We need to find the id that NSX Manager assigned the certificate. Run the following command:

curl -s -k --user "$USER_PASS" "https://${CN}/api/v1/trust-management/certificates" | \
  jq -r ".results[] | select(.display_name == \"${CN}\") | .id"

It returns our certificate’s id (your id will be different):

72483a4e-e15a-425e-be40-3c96c0b84a5d

Validate the certificate (make sure the “status” is “OK”"). Be sure to replace our certificate id with yours:

curl -s -k --user "$USER_PASS" "https://${CN}/api/v1/trust-management/certificates/72483a4e-e15a-425e-be40-3c96c0b84a5d?action=validate"

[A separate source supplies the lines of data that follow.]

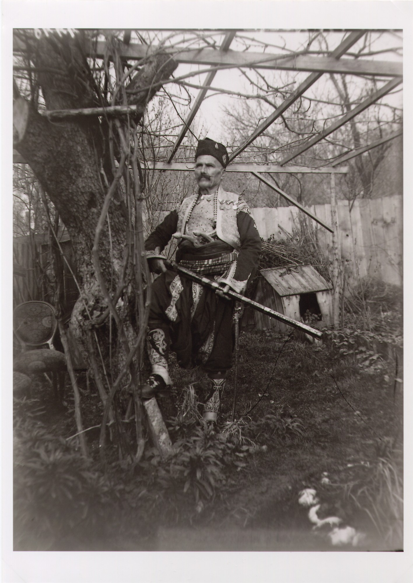 Full-length shot of a Serbian man wearing richly embroidered clothes and a black hat. He is carrying guns in his belt and he is decorated with medals. He is posing with a rifle in his hands. In the background: chairs and a dog kennel. Golub Babić (1824-1910) was a Serbian chieftain and one of the most important commanders during the Herzegovina Uprising (1875-1878). Archived from: The National Museum of Bosnia and Herzegovina, Inv. No.: IV Narodne igre, narodni običaji, nošnje iz Hercegovine, muslimanska, srpska, hrvatska, jevrejska: 444
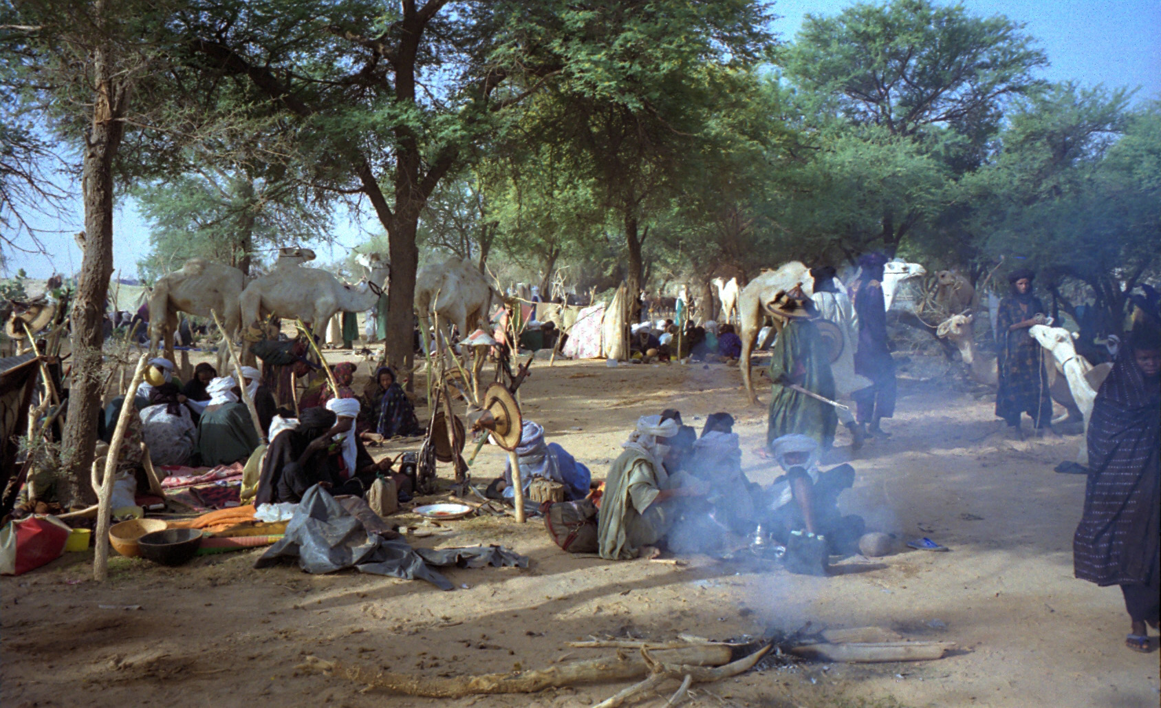 Several Wodaabe clans have gathered for a Gerewol festival.
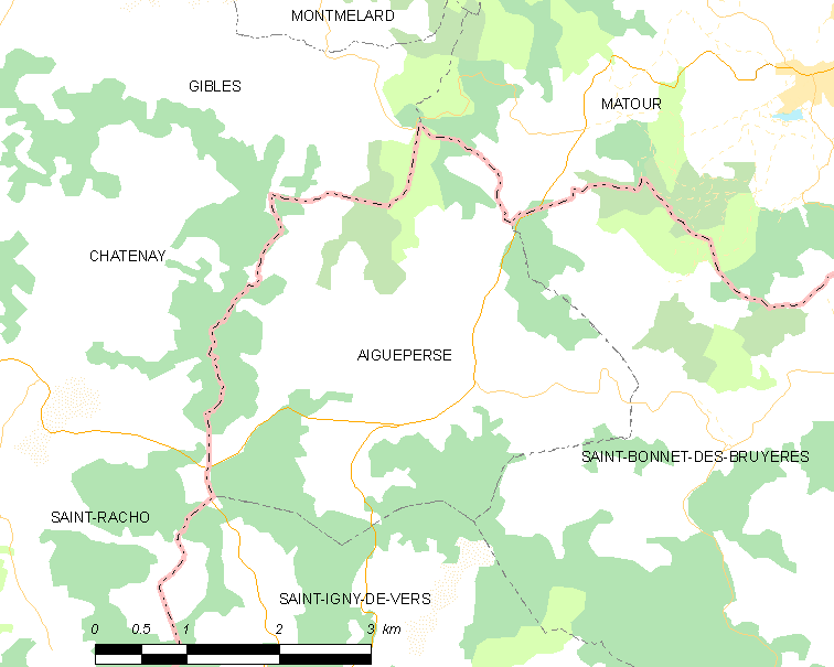 Map of French municipality

The above curl should return the following:

{
  "status" : "OK"
}

However, if the curl command returns the following error message, it means you insisted on using an ECC key in spite of my warning, but you thought you were smarter and trimmed the “—–BEGIN EC PARAMETERS—–” from your key to get past the earlier error, and now finally you see the error of your ways and are ready to throw in the towel and use an RSA key:

{
  "status" : "REJECTED",
  "error_message" : "Certificate was rejected: KeyUsage does not allow key encipherment"
}

Tech note: ECC keys use key agreement instead of key encipherment, which is a “more secure way to protect session keys and include features such as forward secrecy”, but NSX insists on key encipherment, and, by corollary, insists on RSA.

Find the node id by querying the API. Look for the node_uuid.

curl -s -k --user "$USER_PASS" "https://${CN}/api/v1/node"

Here’s our output. Our node_uuid is ab413d42-5050-2404-b8b8-bce8b244d217.

{
  "_schema": "NodeProperties",
  "_self": {
    "href": "/node",
    "rel": "self"
  },
  "cli_coredump_config": {
    "global_file_limit": 2,
    "global_frequency_threshold": 600,
    "process_config": []
  },
  "cli_history_size": 100,
  "cli_output_central": false,
  "cli_output_datetime": true,
  "cli_timeout": 600,
  "export_type": "UNRESTRICTED",
  "fully_qualified_domain_name": "nsx.nono.io",
  "hostname": "nsx",
  "kernel_version": "5.15.92-nn2-server",
  "motd": "",
  "node_type": "NSX Manager",
  "node_uuid": "ab413d42-5050-2404-b8b8-bce8b244d217",
  "node_version": "4.1.0.2.0.21761695",
  "product_version": "4.1.0.2.0.21761691",
  "system_datetime": "2023-07-02T16:16:01Z",
  "system_time": 1688314561103,
  "timezone": "Etc/UTC"
}

Now we’re ready to set our certificate. In the following command, replace our certificate id (“724…”) with yours, our node_uuid (“ab413…”) with yours:

curl -X POST -s -k --user "${USER_PASS}" \
  -X POST \
  "https://${CN}/api/v1/trust-management/certificates/72483a4e-e15a-425e-be40-3c96c0b84a5d?action=apply_certificate&service_type=API&node_id=ab413d42-5050-2404-b8b8-bce8b244d217"

There shouldn’t be any output from this curl; however, if you see the following error message, then you probably forget to set “Service Certificate” to “No” when you imported it. To fix, delete your certificate via the web interface & re-import.

{
  "httpStatus" : "BAD_REQUEST",
  "error_code" : 289,
  "module_name" : "common-services",
  "error_message" : "Principal 'admin' with role '[enterprise_admin]' attempts to delete or modify an object of type nsx$Certificate it doesn't own. (createUser=nsx_policy, allowOverwrite=null)"
}

If you refresh your NSX manager’s webpage, you should see the unadorned padlock. Congratulations, you have set your certificate.

References

Corrections & Updates

2023-07-04

Put the correct error condition when the “Service Certificate” is wrongly set to “Yes”. Added links to various certificates.